Decomposing SU(3) representations

Example

0.00 Let's decompose $V=\mathbf{C}^{3}\otimes\mathbf{C}^{3}\otimes\mathbf{C}^{3}$ into irreducible representations of $SU(3)$ . We first need to find the weight diagram of $V$ . Recall that $\mathbf{C}^{3}$ has basis vectors $e_{1},e_{2},e_{3}$ with weights $L_{1},L_{2},L_{3}$ .

1.00 A basis of $V$ is therefore given by the vectors $e_{i}\otimes e_{j}\otimes e_{k}$ .

Lemma:

$e_{i}\otimes e_{j}\otimes e_{k}$ is a weight vector with weight $L_{i}+L_{j}+L_{k}$ .

Proof:

If we act using $H_{\theta}=\begin{pmatrix}\theta_{1}&0&0\\ 0&\theta_{2}&0\\ 0&0&\theta_{3}\end{pmatrix}$ then we get $H_{\theta}(e_{i}\otimes e_{j}\otimes e_{k})=(H_{\theta}e_{i})\otimes e_{j}% \otimes e_{j}+e_{i}\otimes(H_{\theta}e_{j})\otimes e_{k}+e_{i}\otimes e_{j}% \otimes(H_{\theta})e_{k}$ using the Leibniz rule (because $H_{\theta}$ is an element of the Lie algebra and this is how Lie algebras act on tensor products).
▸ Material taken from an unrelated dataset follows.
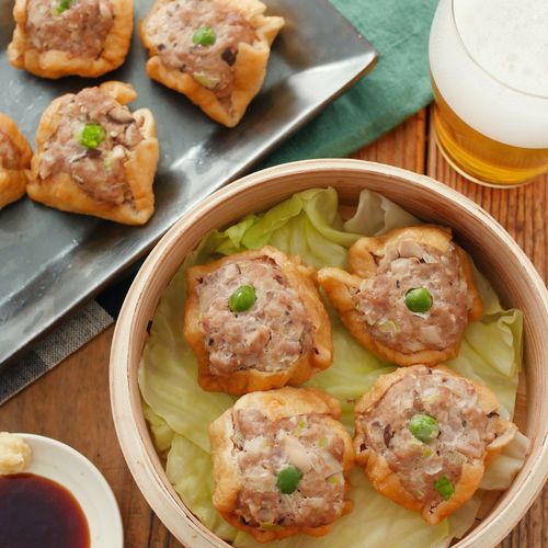薄くスライスしたれんこんをぎょうざの皮に見立てたれんこん餃子は、包む手間がぐっと省け、見た目のインパクトも抜群! こんがりと香ばしい焼き色は餃子と変わらず、食欲をそそります♪

Therefore, since $H_{\theta}e_{i}=\theta_{i}e_{i}$ , we get: $H_{\theta}(e_{i}\otimes e_{j}\otimes e_{k})=\theta_{i}+\theta_{j}+\theta_{k})e% _{i}\otimes e_{j}\otimes e_{k}=(L_{i}+L_{j}+L+k)(\theta)e_{i}\otimes e_{j}% \otimes e_{k}.$

2.35 Therefore $e_{1}\otimes e_{1}\otimes e_{1}\in W_{3L_{1}}$ etc. We now plot all the points $L_{i}+L_{j}+L_{k}$ in our weight diagram. Some of these points, like $2L_{1}+L_{2}$ , come from several weight vectors, like $e_{1}\otimes e_{1}\otimes e_{2}$ , $e_{1}\otimes e_{2}\otimes e_{1}$ , $e_{2}\otimes e_{1}\otimes e_{1}$ . We keep track of this by writing the dimension of the weight space in the diagram. The sum of all dimensions should be 27, the total number of basis vectors.
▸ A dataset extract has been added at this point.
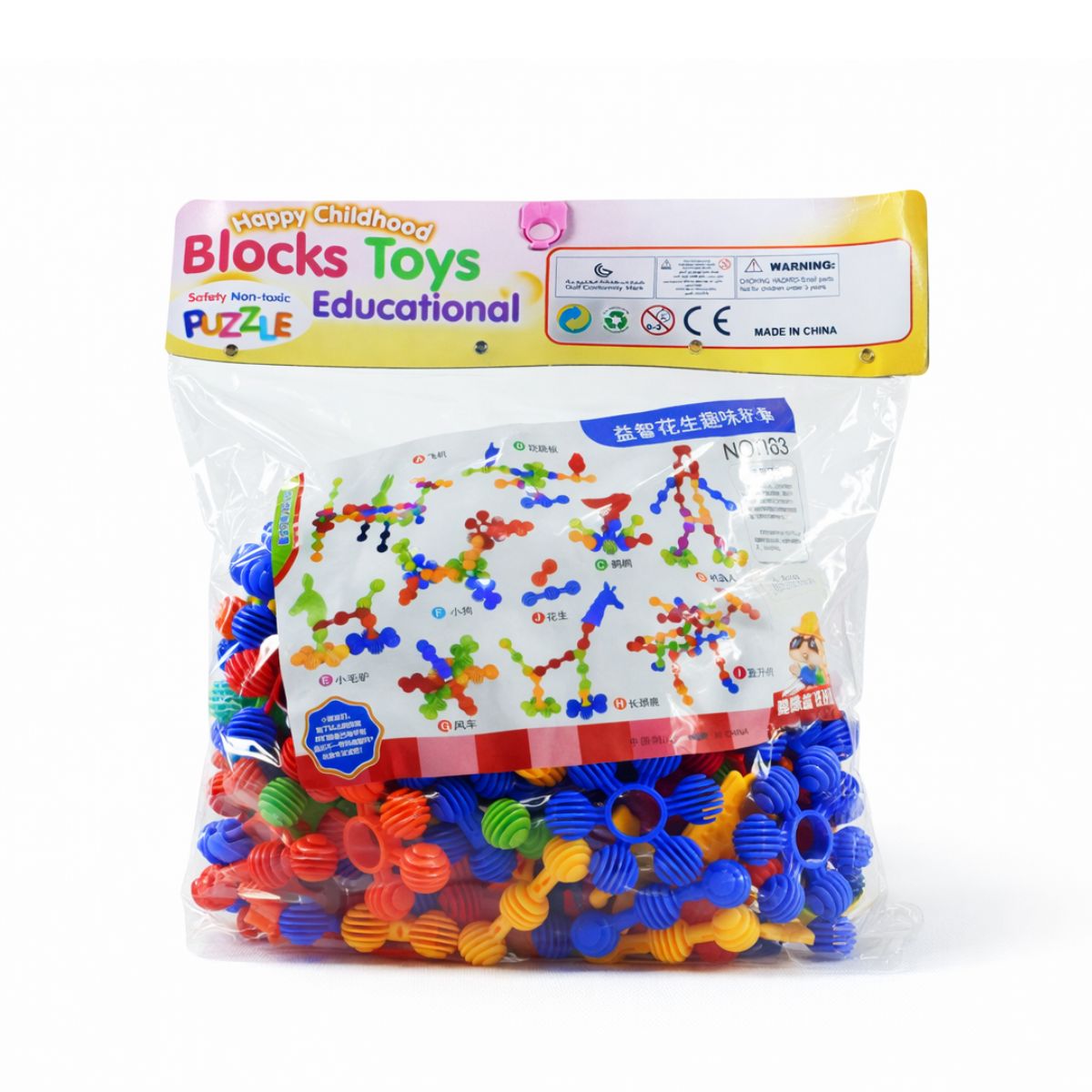 Introduce your child to endless creative possibilities with this vibrant set of interlocking building toys. Packaged in a convenient clear bag, the set contains uniquely shaped, ribbed spherical pieces in bright red, blue, green, yellow, and orange. These pieces are designed to snap together easily, allowing young builders to create sturdy 3D models right at the play table.

5.35 This is not the weight diagram of an irreducible representation; for example, the multiplicities around the outer triangle are not all equal to 1. We will decompose it into irreducible subrepresentations as we did for $SU(2)$ . We will do this by picking a "highest weight vector", generating an irreducible subrepresentation, taking its orthogonal complement with respect to an invariant Hermitian inner product (stripping off the corresponding weights from the diagram) and iterating this procedure.

6.05 There is no unique way to define "highest weight" any more, and we will discuss this point in a later video when we prove the classification theorem, but I claim that the highest weights will be vertices of our polygon. For example, we could take $3L_{1}$ in this example. This generates a subrepresentation whose weight diagram is:

8.10 I'll call this $\Gamma_{3,0}$ (and more generally, $\Gamma_{m,n}$ will denote the unique irrep with highest weight $mL_{1}-nL_{3}$ ).

9.15 The orthogonal complement to this subrepresentation has weight diagram:

The weight diagram of the orthogonal complement of the subrepresentation isomorphic to Gamma_{3,0}

10.35 If we pick a highest weight vector in $W_{L_{1}+L_{2}}$ then we will generate a copy of $\Gamma_{1,1}$ inside our representation. We get two of these because $W_{L_{1}+L_{2}}$ is 2-dimensional. The weight diagram of $\Gamma_{1,1}$ is:

In other words, $\Gamma_{1,1}$ is isomorphic to the adjoint representation. What's left when I strip off these subrepresentations, I am left with a 1-dimensional $W_{0}$ , which gives us a copy of the trivial 1-dimensional representation $\Gamma_{0,0}\cong\mathbf{C}$ .

11.55 Overall, we get $\mathbf{C}^{3}\otimes\mathbf{C}^{3}\otimes\mathbf{C}^{3}\cong\Gamma_{3,0}% \oplus\Gamma_{1,1}\oplus\Gamma_{1,1}\oplus\mathbf{C}.$

Pre-class exercise

Exercise:

Decompose $\mathbf{C}^{3}\otimes\mathbf{C}^{3}$ into irreducible subrepresentations.